Strong-naming assemblies and OpenWrap

One of the design principles of OpenWrap is not only to be a glorified Add Reference dialog, but to provide a better way of dealing with dependencies, both at compile-time and at run-time.

When it comes to assemblies, it means we need to be able to choose which assembly you get when you run code. This allows for swapping assemblies based on the version of .net you’re running on, or what platform (x86, x64, unix, osx, etc).

The problem is, on .net, if you strong-name your assemblies, .net will assume that you really meant that one and only that one assembly you compiled against. This prevents us from swapping assemblies as needed based on your environment.

At the time those decisions was made, the unit of deployment was indeed the assembly, and the reasoning was to try and solve the dll-hell that has existed for a long time on windows. At that time, it was probably an acceptable idea, just like at some point in my career I thought webforms were a good idea.

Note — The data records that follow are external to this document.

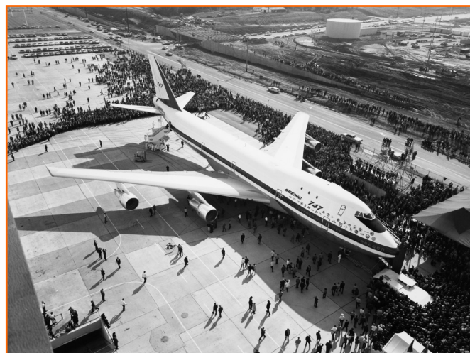
Fig. 1. Primera presentación pública del avión Boeing 747 el 30 de septiembre de 1968. SAS Scandinavian Airlines, imagen en dominio público. Disponible en: < https://commons.wikimedia.org/wiki/File:Boeing_747_rollout_(3).jpg >. [Fecha de consulta: 28 agosto 2017]

aéreo, hasta llegar al máximo actual de la tercera Jet Age , que está relacionado con la aparición de las aerolíneas low cost a mediados de los noventa (Davies, 2016).
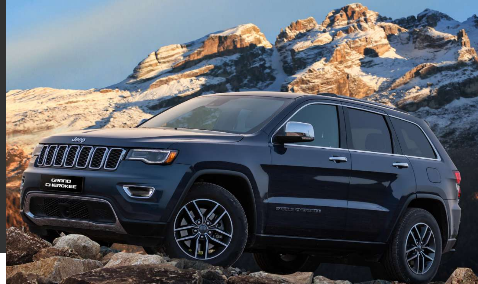
*קוד הדגם ודרגת הבטיחות לדגם LIMITED EDITION טרם נקבעו סופית ויעודכנו עם הגעת הרכב לארץ.
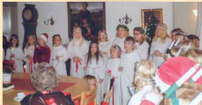
Barnkörens luciatåg på Torsdagsträffens julfest den 12 december.
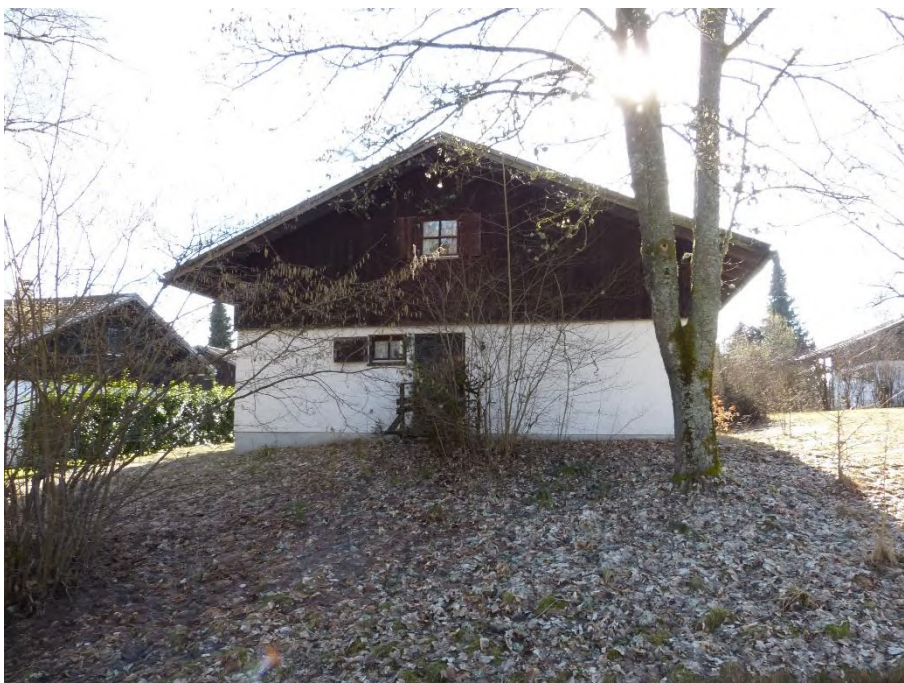
Ferienhaus, Ansicht von Norden
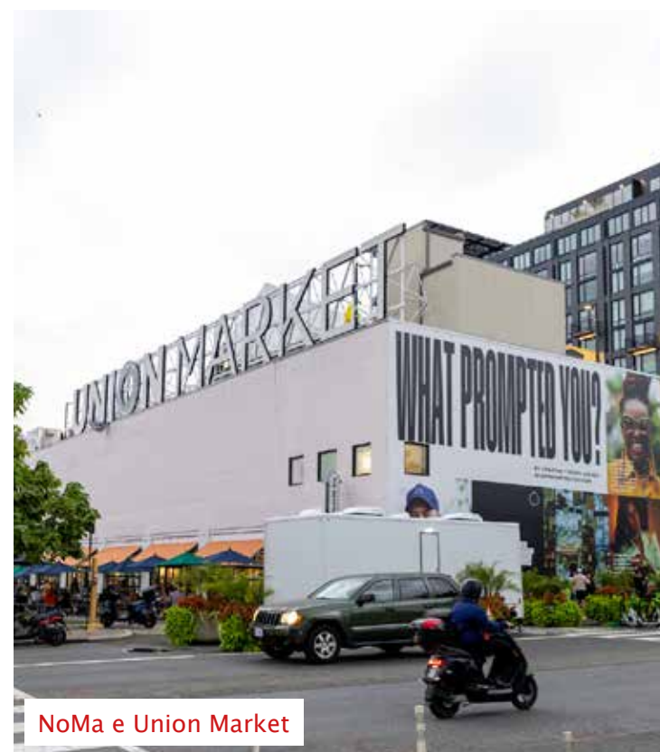
NoMa e Union Market
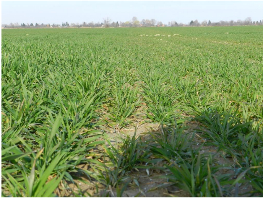
Slika 9. Varijanta pokusa beflubutamid
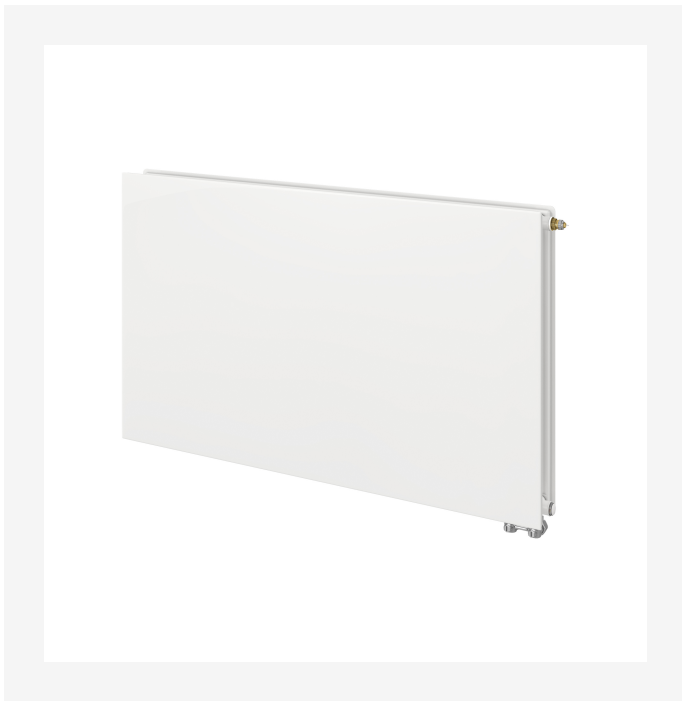
ProductImage - Vonoplan Hygiene

When you switch to a package-based world, the decisions made by .net are getting in the way. If you try to load MyAssembly.dll version 2, and you compiled against version 1, the code will just never, ever be loaded.

Assembly redirection

One way to solve this problem is assembly redirections. You update a .config file for your application, and you redirect version 1 to version 2. If you’re owning the config file and the application, and are only interested in build-time resolution, as is the case with the Visual Studio NuGet tooling, then that’s fine. We could even add it to OpenWrap in an hour or two and be happy with it.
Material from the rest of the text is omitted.